Der abgedrehte U-Ausschuss
Im Jahr 2012 beschäftigt sich nicht nur die Justiz mit der „Inseratenaffäre“ des Bundeskanzlers. Ein parlamentarischer Untersuchungsausschuss war eingerichtet worden, um neben anderen Themen auch Werner Faymanns Verbindungen zu Österreichs Medien, ihren Macherinnen und Machern, zu untersuchen. Josef Ostermayer, damals Staatssekretär für Medien, stellt sich den Fragen der Abgeordneten. Der Bundeskanzler bleibt dem Parlament fern. Im Oktober 2012 beenden Abgeordnete der Regierungsparteien SPÖ und ÖVP den Ausschuss vorzeitig. Dass die Inseratenvergabe Potenzial zur Staatsaffäre hat, steht für viele seither außer Zweifel. In ihrem Abschlussbericht schreiben die Grünen: „Der Untersuchungsgegenstand ‚Regierungsinserate’ litt neben dem Beweisthema ‚Telekom-Ostgeschäfte’ am meisten unter der von den Regierungsparteien erzwungenen raschen Beendigung des Untersuchungsausschusses.”
Zur Erinnerung: Am 11. Jänner 2007 war Werner Faymann als Verkehrsminister unter SPÖ-Bundeskanzler Alfred Gusenbauer angelobt worden.
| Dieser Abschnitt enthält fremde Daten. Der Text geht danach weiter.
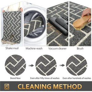 🧿EASY TO CLEAN: The unique rib fabric design removes dirt and mud from shoes easily. When your doormat gets dirty, first shake it off outdoors or over your garbage bins, then sweep with a broom or vacuum regularly or use a garden hose to rinse the mat outdoors. For deeper clean: machine washable, use water under 86 (℉) / 30 (℃). Do not iron. Do not bleach. Do not expose it to the sun for a long time.
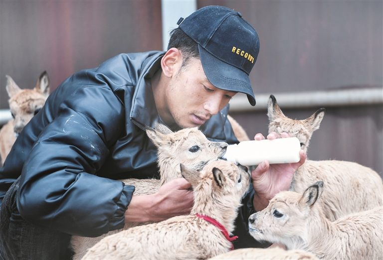 圖為可可西里國家級自然保護區(qū)卓乃湖保護站的工作人員才文多杰在給藏羚羊幼仔喂奶(2020年7月7日攝)。 新華社記者 薛玉斌攝

Knapp zwei Wochen als Verkehrsminister im Amt – und die Inseratenstrecke „Unsere Bahn“ ist auf Schiene; jene Anzeigenserie, die in der Kronen Zeitung erscheint, die ÖBB 500.000 Euro kosten und die „Inseratenaffäre“ auslösen wird.
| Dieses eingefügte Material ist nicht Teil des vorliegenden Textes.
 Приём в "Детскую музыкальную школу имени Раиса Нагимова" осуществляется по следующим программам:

Die Krone hebt den Start der Faymann-Dichand-Zusammenarbeit am 26. Jänner 2007 auf die Titelseite. Im Zwei-Wochen-Takt erscheinen doppelseitige Anzeigen, die als „Reportage“ ausgewiesen und nicht als Werbung gekennzeichnet sind. Krone-Mann Michael Pommer greift in die Tasten; jener Journalist, der nur rund zwei Jahre zuvor beim Wohnmagazin Die Stadt ein „Stadt-Reporter“ war und etwa über Werner Faymann und das „Abenteuer Spielplatz“ geschrieben hatte – Berichte, die ähnlich wie bei der ÖBB-Serie Schleichwerbung sind. So schließt sich der Kreis im Netz der Gratiszeitung.
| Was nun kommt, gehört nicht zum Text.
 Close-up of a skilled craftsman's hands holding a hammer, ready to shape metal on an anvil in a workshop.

Vor seinem Wechsel in die Bundespolitik hatte Werner Faymann als Wiener Wohnbaustadtrat jahrelang ein Wohnmagazin, das er initiiert hatte; das voll mit wohlwollenden Berichten über ihn war und an rund 300.000 Haushalte in der Hauptstadt frei Haus geliefert wurde. Wie DOSSIER-Recherchen zeigen, waren zwischen Februar 2004 und September 2005 rund eineinhalb Millionen Euro aus Firmen, für die der Stadtrat verantwortlich zeichnete, in das Magazin geflossen. Einen erheblichen Teil davon hatte seine rechte Hand, Josef Ostermayer, beschafft.
Profitiert vom Erfolg des Magazins hatte auch Eva Dichand, die Schwiegertochter des 2010 verstorbenen Gründers der Kronen Zeitung Hans Dichand; Faymanns rotarische Freundin, die damals 14 Monate lang gleichzeitig die Geschäftsführerin des Wohnmagazins und der Gratiszeitung Heute war. Aber damals war alles anders, im Jahr 2004, dem Jahr der Zeitung. Fast alles. Eine Konstante bleibt: Damals wie heute bleiben Fragen offen und die politische Verantwortung ungeklärt.